Orlaya seeds germinate best when sown in autumn (results tend to be patchier in the spring). This can be done either under cover in pots, or direct in the ground if you live in a milder part of the country. If you are prone to very cold, wet winters we recommend direct sowing be left until spring.
- Seeds are typically ready for collecting in late summer when they have turned dry and dark and can be detached easily from the seedhead.
- Snip the seedheads from the plant using scissors or secateurs. Try to do this in dry conditions, and shake the seeds into a small, labelled paper bag or envelope. Store somewhere cool and dry until you are ready to sow in either autumn or spring.
To sow direct:
- Clear the area of weeds, and rake over the surface until you have a fine tilth.
- Scatter seeds thinly.
- Lightly rake over to incorporate with the soil.
- Water with a watering can fitted with a fine rose.
- When seedlings are large enough to handle, thin out to a spacing of approximately 20-30 centimetres.
To sow in a container:
· We advise sowing orlaya in a module tray to minimise root disturbance (something most umbels resent due to their tap rooting habit).
· Fill with a well-draining compost mix, tapping lightly on the bench to settle.
· Sprinkle a small pinch of seeds per module.
· Use a garden sieve to cover with a thin layer of compost.
· Water with a fine spray until the compost is evenly moist but not waterlogged.
· Place the seed tray or pots anywhere light, warm, and protected, such as a windowsill or greenhouse.
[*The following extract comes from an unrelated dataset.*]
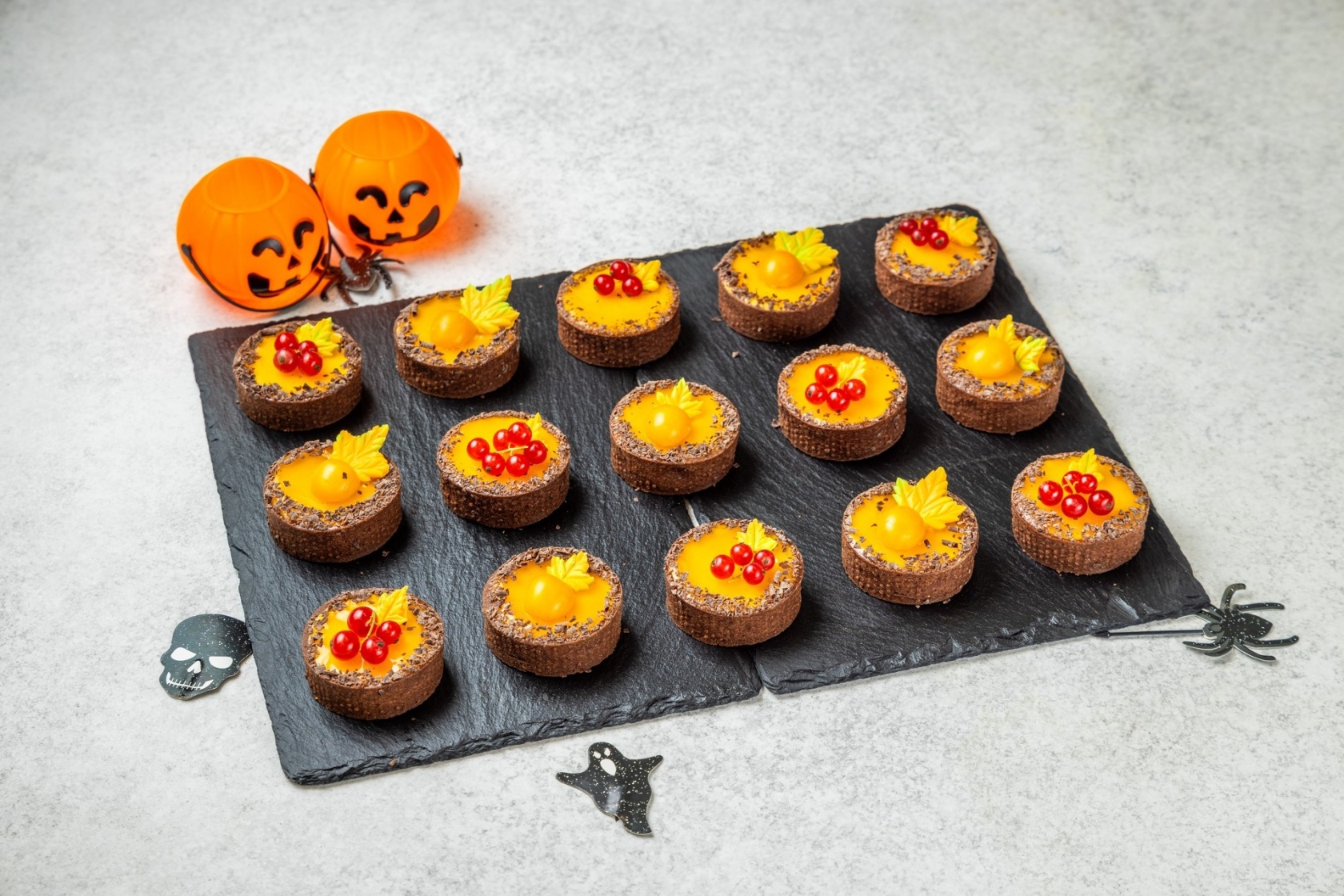 Мука пшеничная, масло сливочное, сах.пудра, соль, сахар, какао-порошок, яйцо столовое, яблоки, крахмал кукурузный, лимонная кислота, тыква свежая, пюре маракуйя с/м, яичный желток пастеризованный, цедра апельсина, покрытие гель нейтральный.

The quickest results will come from a heated propagation unit set at 18-21°C, though remove from here once seeds have germinated.
· When the seedlings have grown large enough to handle, thin out to just one strong seedling per module.
· Grow on for a week or so, then pot each module up into a 9 centimetre pot filled with a well-draining mix. Continue to grow on in a frost-free environment.
· Keep moist, never soggy.
· Grow on until ready to plant out as above.
* Many plants carry Plant Breeders Rights and cannot be propagated for commercial purposes.
Common Orlaya Questions
Does orlaya make a good cut flower?
Yes, it does. With a vase life of seven to ten days this flower is a popular component of summer bouquets.
Does orlaya need support?
When grown in its preferred lean, mean conditions – no. However, in rich, garden soil it is likely to grow large and require some form of support to prevent it flopping over in the wind. Whether canes and string, metal link stakes, or a network of cut branches inserted into the soil and woven together, it is best to get the support in place early in the season. That way, the plant can grow up and through its support naturally, rather than looking unpleasantly hoiked into place!